Hernández Catá then parrots a racialized discourse that will set the stage for Sarduy’s parodic rephrasing decades later:
The two marines perceived with astonishment that to each one of the vertices of the mestizaje corresponded an attitude. But all this mimeticism, so complicated, so artificial, was produced with mysterious naturalness. Without a doubt that game of transformations came from an indoctrination by the old man; but atop a special, basic, predisposition, born of the mixing of races. (172)
Hernández Catá’s description of the single, multifaceted but empty “woman” suggests some of the themes that would later obsess Sarduy, but transmogrified from carceral fantasy to liberating philosophy: mimesis (Sarduy brilliantly extended Roger Caillois’s reflections on mimesis to transvestism), artificiality, identity as performance around an absent center.
The General protests that the transformations are “not theater” but a cocktail “of flesh, blood, and entrails.” His racist diatribes continue until he passes out and the two marines flee to board their departing ship. Later, having followed the westward route from Europe and Africa to Cuba and further still to New Orleans, finally landing in New York, the sailors read in a newspaper that the General was murdered that same dawn. No one knows what became of his servant, who has, it seems, exacted her/their revenge. This allows the possibility of a recuperative reading against itself, in which the story contains its own obliteration. The murder of the stock racist character and liberation of the woman/women suggests a murdering of ideologies too. No culprit is found, and the police believe that “more than one person, at least three” were involved in killing the “excessively dead” MacClure, felled by a shot to the chest, an “oriental” cross on his back, and dents to his head from a heavy blow (175).

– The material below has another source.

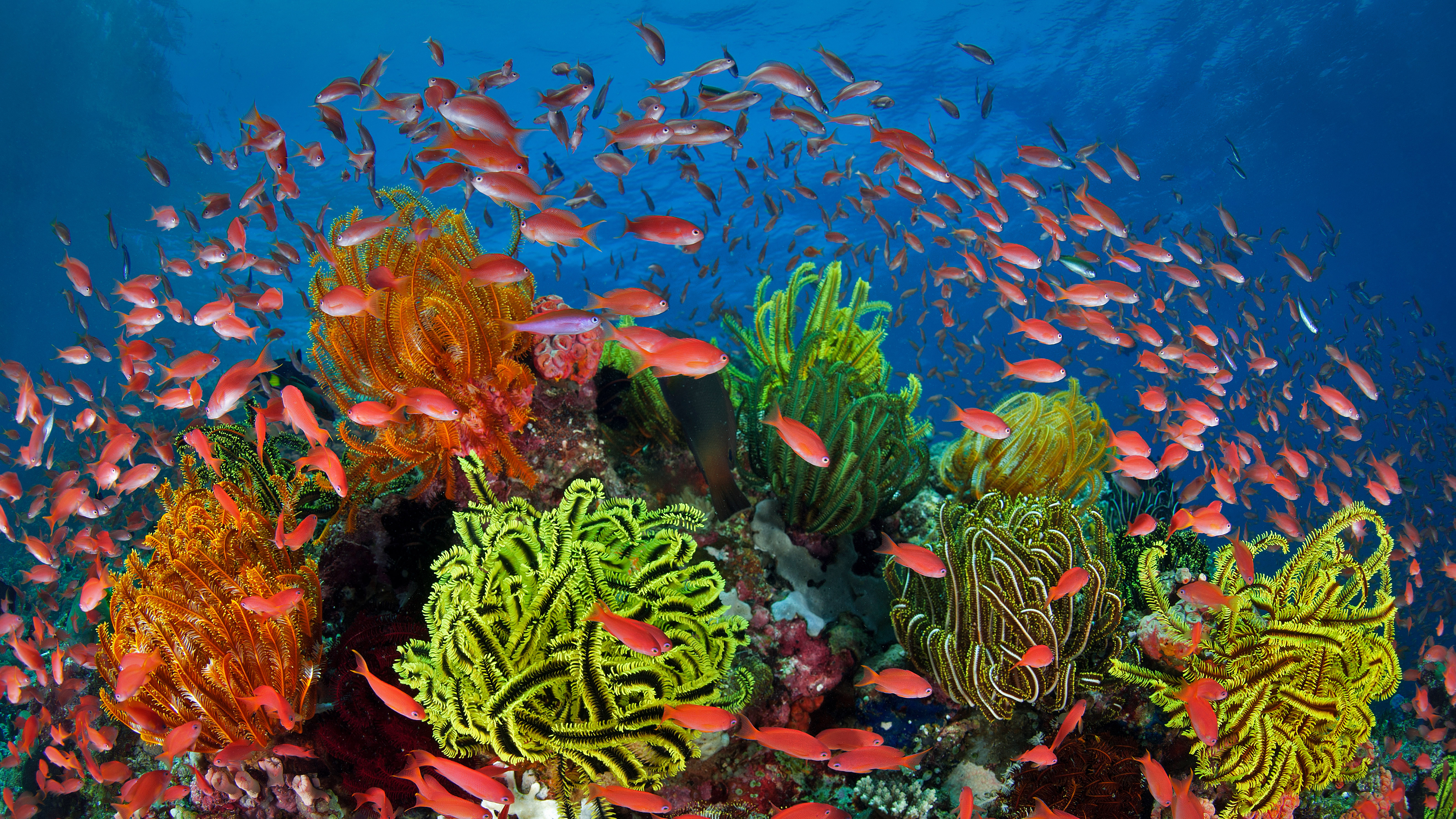 School of sea goldies with feather stars, Great Barrier Reef, Queensland, Australia (© Gary Bell/Minden Pictures) - Bing Wallpaper on July 28, 2021

“Cocktail” was published in a Venezuelan literary journal as “an erotic tale”; it’s hard to know how it circulated, and if or how Sarduy might have encountered it. Sarduy’s letters back to his family from Paris in the early 1960s turn up comments on his second novel as it came into being, with no reference to “Cocktail.” But direct influence here is not really necessary. The clichés were sufficiently available enough to be the raw material for both authors. Still, a number of elements and concerns eerily anticipate Sarduy’s novel. It is as if the later author seized on the barest, most hackneyed elements of Hernández Catá’s story and spun from them a fantastical exaggeration, and hence undoing.

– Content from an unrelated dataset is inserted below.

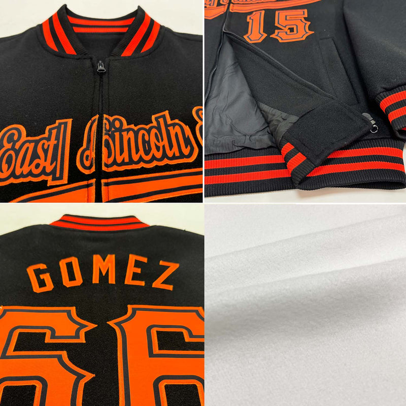Custom Black Black-White Bomber Full-Snap Varsity Letterman Jacket
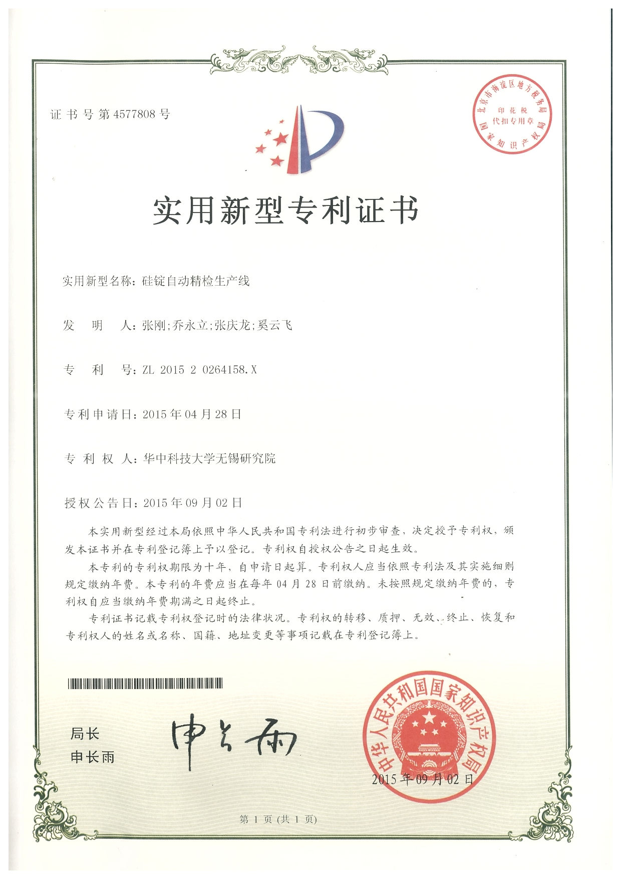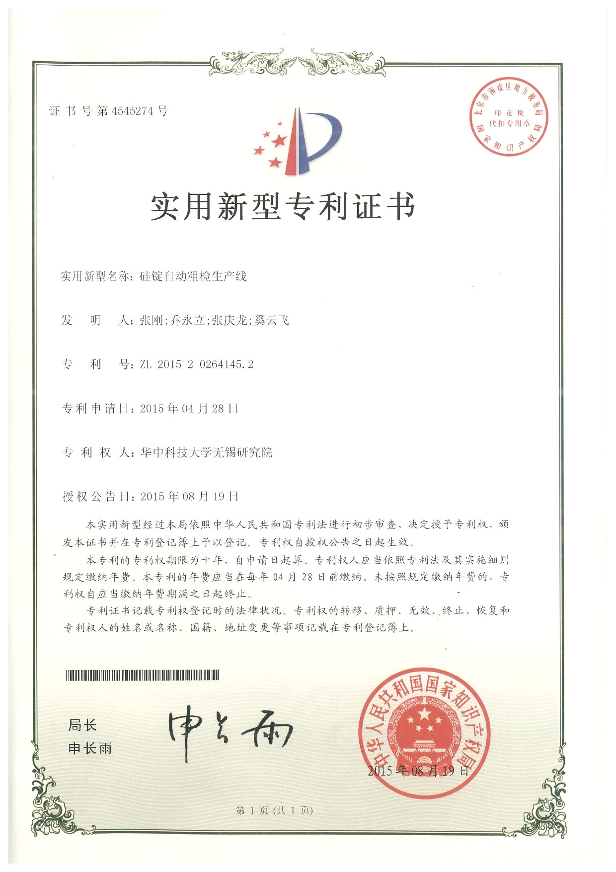 (1) 硅錠自動(dòng)粗檢生產(chǎn)線,授權(quán)號(hào): ZL201510207503.0

In From Cuba with a Song a Chinese woman/transvestite—a transformista (drag queen)—is also named Flor de Loto, and also is pursued by a white man named General who attempts to possess her. As in “Cocktail,” there is a splitting of a female character into three racialized parts: Chinese, African, and European, with the concomitant use of terms such as “mulata achinada” or “guachinango” (Afro-Asian) in both fictions. In both, Republican-era Havana is depicted—typical of much period fiction—as a city with a “distillery, billiards hall, prostitute and marine on every corner” (Sarduy, De Donde, 110). A language of “mimesis” and “artificiality” (recuperated by Sarduy in his extensive critical writings, as well as in his fiction); racial clichés; the figuring of an evacuated subjectivity—all repeat. At the end of From Cuba with a Song the Yoruban twins destroy the General’s house. Christ, whose effigy has been carried into Havana, is a rotten wooden body that falls apart, “[h]is head split in two” (232).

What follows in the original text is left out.